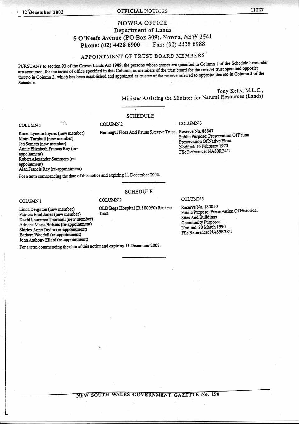 The Old Bega Hospital Commitee was appointed Trustee from 30 March 1990 to 2 June 1994. The membership of the Committee during that period is not known. Since then, individual members have been appointed to the Old Bega Hospital (R.180050) Reserve Trust and its successor, the Old Bega Hospital Reserve Land Manager.
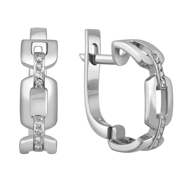 Серьги пусеты из белого золота с бриллиантами "Сердце" (062990)
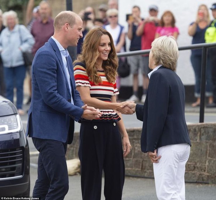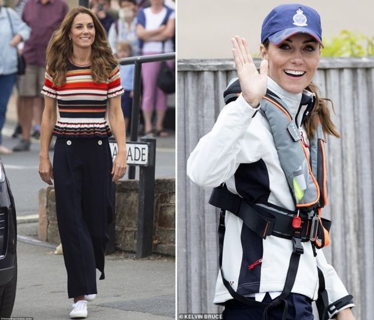 Кейт прибыла на регату в широких матросских брюках от L.K.Bennett и полосатом топе от Sandro. Но, прежде, чем взойти на борт яхты, она переоделась в спортивные шорты и поло.
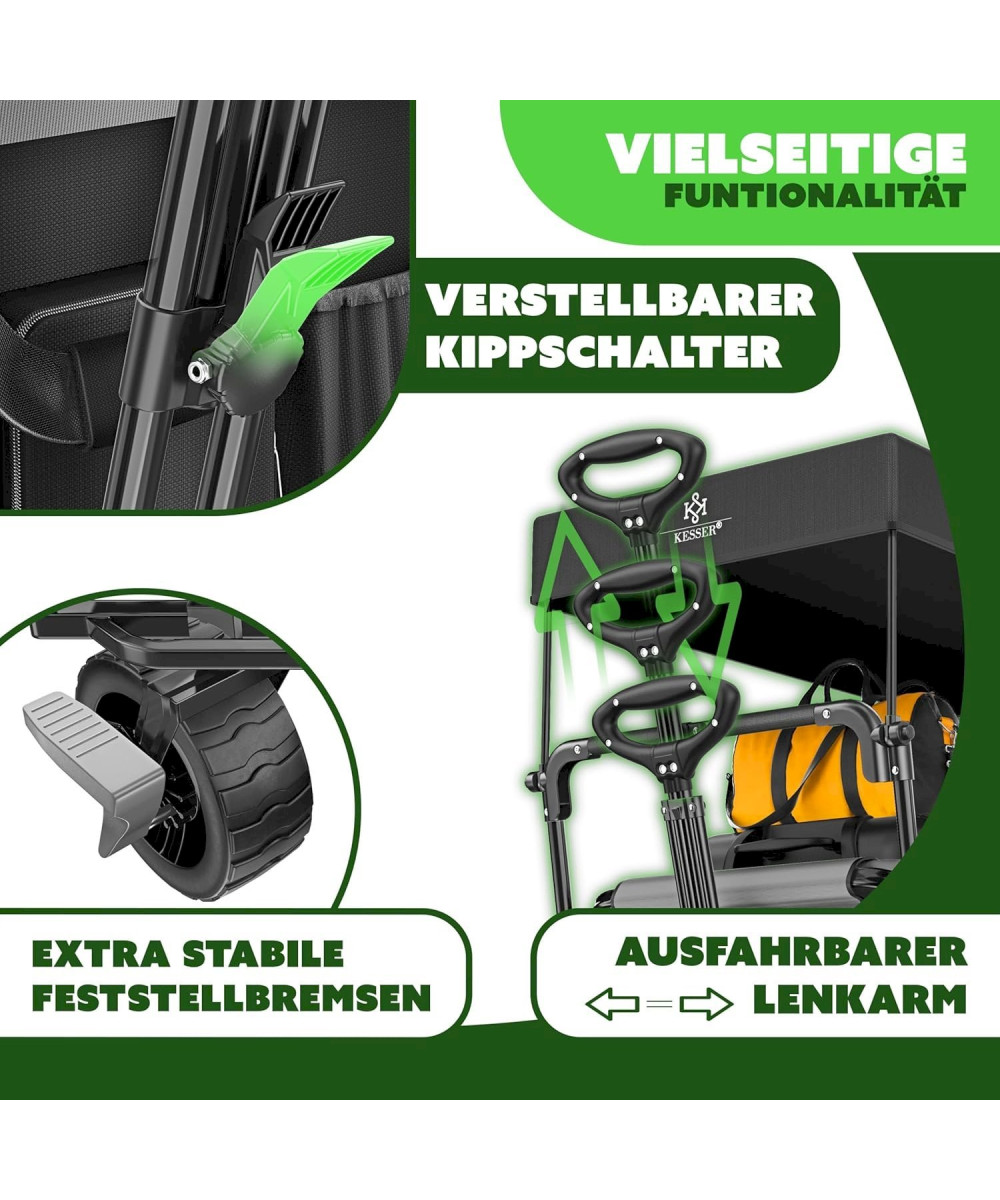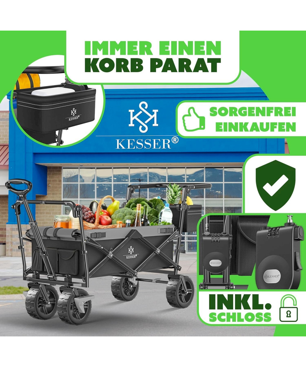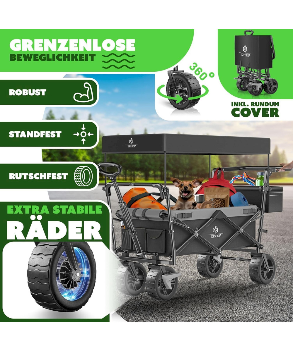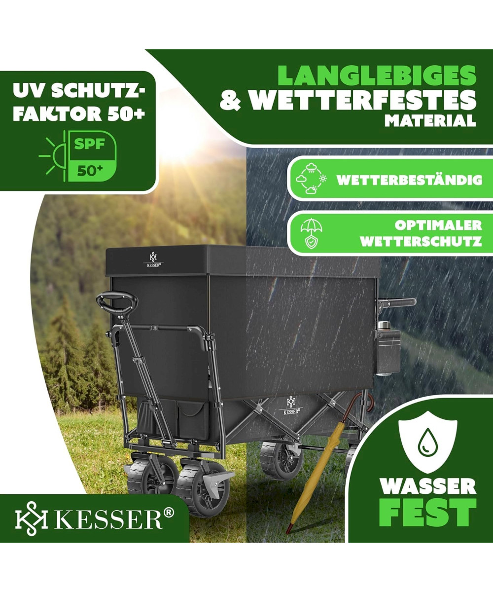 Der KESSER faltbare GT-9000 Bollerwagen mit abnehmbarem Dach, Cover (Tragetasche) und Schloss ist vielseitig einsetzbar.
__________________________________________________
▸ Your objective: Leave the pictures out and restate the listing word for word.

▸ Answer box:
 The Old Bega Hospital Commitee was appointed Trustee from 30 March 1990 to 2 June 1994. The membership of the Committee during that period is not known. Since then, individual members have been appointed to the Old Bega Hospital (R.180050) Reserve Trust and its successor, the Old Bega Hospital Reserve Land Manager.
 Серьги пусеты из белого золота с бриллиантами "Сердце" (062990)
 Кейт прибыла на регату в широких матросских брюках от L.K.Bennett и полосатом топе от Sandro. Но, прежде, чем взойти на борт яхты, она переоделась в спортивные шорты и поло.
 Der KESSER faltbare GT-9000 Bollerwagen mit abnehmbarem Dach, Cover (Tragetasche) und Schloss ist vielseitig einsetzbar.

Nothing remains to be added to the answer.